旬の喜び
北国ウィスコンシンにも、ようやく春がやってきました。
梅や、木蓮、りんごやチェリー、様々な花が咲き始め、本格的な春の訪れを感じます。私がインターンしているファームでもようやくビニールハウスで育てているサラダミックスやラディッシュの収穫が始まり、フレッシュな野菜が食べられるようになりました。
アスパラガスも夕方の散歩のときに両手いっぱいに抱えきれないほど収穫。
アスパラガスは、一度植えると、その翌年からアスパラガスが毎年収穫できるので、春になると、毎年フレッシュなアスパラガスが。
さらに成長のスピードが早く、一日で10センチ程成長します。朝と夕方と二回、毎日収穫しないと、どんどんと成長してしまいます。また、その成長スピードのためもあり、収穫後も成長しようとしてしまうので、すぐに食べないと栄養価も美味しさも失われてしまいます。
オーガニックで新鮮なアスパラガスは、ほんとうに絶品。さらに、長い冬の後の新鮮な生の野菜・・
採れたてアスパラガスと、ベビーリーフ、ラディッシュサラダのランチを食べたのですが・・
もう、至福。
思わず「美味しいーー!」と感動して、一口一口有り難く、噛み締めながら、体全体が、「このフレッシュな野菜が欲しかった!」と喜んでいるのを感じて、改めて、体が「初夏」の季節に適応してきたことを感じました。

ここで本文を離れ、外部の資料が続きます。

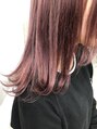 ハイトーンから黄ばみとオレンジ味が出ないようにムラサキ色を混ぜながらツヤピンクにトーンダウン。まだまだピンクカラーが人気です。
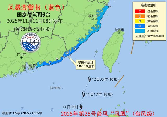 记者从自然资源部获悉,受今年第26号台风“凤凰”和冷空气共同影响,预计今天(11日)上午到12日上午,南海北部、中部将出现7到10米的狂浪到狂涛区,福建宁德到广东汕尾沿海将出现50到110厘米的风暴增水。国家海洋预报台继续发布海浪橙色警报和风暴潮蓝色警报。请在上述海域作业的船只注意安全,沿海各有关单位提前采取防浪避浪措施。

特にここウィスコンシンでは、季節がはっきりとしていて気温差も大きいため、冬のビニールハウス栽培は厳しく、ファーマーズマーケットで得られる野菜の種類もかなり限られてきます。
冬には冬に適応した野菜が。
春には春の野菜が。
都市に住んでるときは、季節の変化をダイレクトに感じる機会が少ないと、旬の野菜の体へのインパクトを感じる機会が少なかったかもしれません。気温や天候が変わっていくとともに、体もその変化に順応していっていて、その体の季節の調節がちょうど変わったように感じました。
もう日本で葉山菜の季節は過ぎましたが、春の冬に溜まった老廃物を排除するデトックス効果など、夏の水分をたっぷり含んだ野菜など・・
日本では、温室栽培なども盛んで、年中どんな野菜でも手に入り、旬が分かりにくくなった、とも言われていますが、やはり「旬」の野菜というのは、栄養価が高く、美味しいというだけでなく、そのときの気候に適応するために必要な要素がたっぷりと含まれているのだなぁと改めて感じました。

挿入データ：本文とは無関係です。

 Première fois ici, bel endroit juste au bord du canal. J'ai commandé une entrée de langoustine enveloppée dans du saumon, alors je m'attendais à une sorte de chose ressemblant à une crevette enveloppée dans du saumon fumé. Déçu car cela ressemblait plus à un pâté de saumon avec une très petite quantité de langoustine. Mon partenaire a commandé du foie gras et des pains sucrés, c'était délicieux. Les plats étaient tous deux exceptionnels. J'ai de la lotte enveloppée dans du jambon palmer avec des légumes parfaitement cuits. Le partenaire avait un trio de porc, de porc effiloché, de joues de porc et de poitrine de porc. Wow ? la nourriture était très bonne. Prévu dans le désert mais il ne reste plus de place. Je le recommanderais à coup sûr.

ウィスコンシン州に引っ越して約1年になりますが、通年ファーマーズマーケットがある地域に住んでいて、地元の農家さんからオーガニック野菜を買うことができるので、自然とその地域で育てられない、天候に適応しない食べ物を食べることが減ってきたため、余計に、「旬」の野菜の有り難みを感じたのかもしれません。
確かに色々な野菜が、欲しいときに手にはいるのは、「便利」ですが、その「便利」さにより失われているものも多いような気がします。

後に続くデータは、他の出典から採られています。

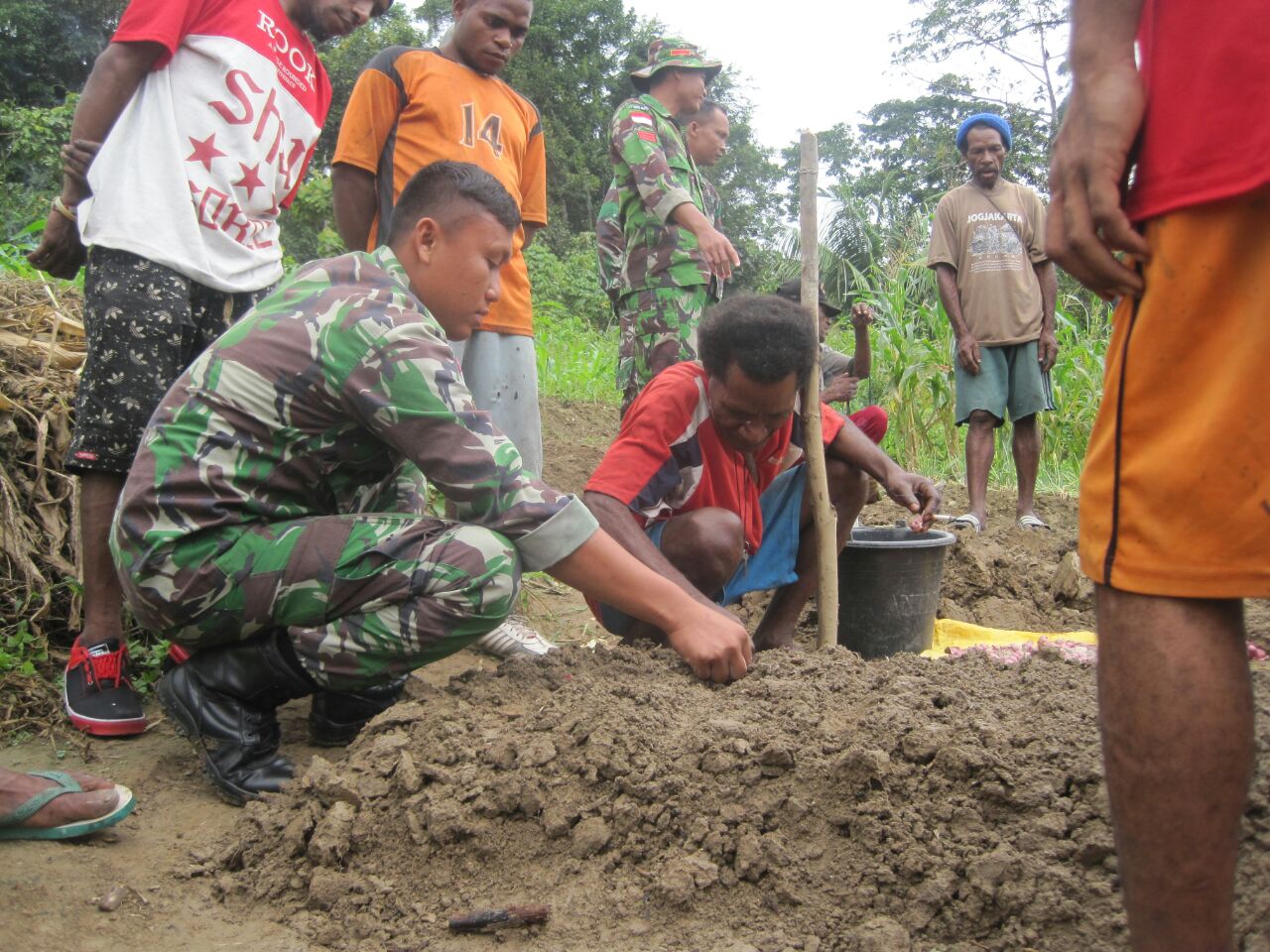 Keerom 15,- Personil Satgas Pamtas RI-PNG Yonmek 512/QY yang di pimpin oleh danpos Kalimo Letda Inf Eko Widianto memberikan penyuluhan pertanian tentang cara penanaman/pembudidayaan bawang merah kepada masyarakat yang ada di daerah perbatasan RI-PNG di kampung Kalimo distrik Waris kabupaten Keerom propinsi Papua.

「旬」を楽しむ、ということは、その「限られた」時期を楽しみ、そのときの天候や環境をそのままに受け入れ、その中に楽しみを見つけることだと思います。
いつでもその便利さが環境にいると、その「特別さ」は失われてしまいます。でも、その季節によってそれぞれの良さがあり、逆に言うと欠点があります。
その欠点をねじ曲げて「便利な」生活をしようとすることによって、失われているものもあるような気がします。「旬」や、「地域で育てられた野菜」を食べるということは、私が思っていた以上に大きな影響を与えていて、体がその地域の天候や気候に順応することに
役立つのだな、と改めて。
あえて「不便利」な生活を選ぶということで見えてくることがたくさんあるのではないでしょうか。
少し時間をかけて料理してみる、
ゼロから自分で作る、
地元の野菜販売所やファーマーズマーケットに行って
旬の野菜を買う、
なるべく電子レンジなどは使わないなど。。
「便利な」生活によって見逃していたことを
見つけるかもしれません。
時間がある週末にだけでも、ぜひ
身の回りの「旬」、自然の変化に耳を傾けてみてくださいね。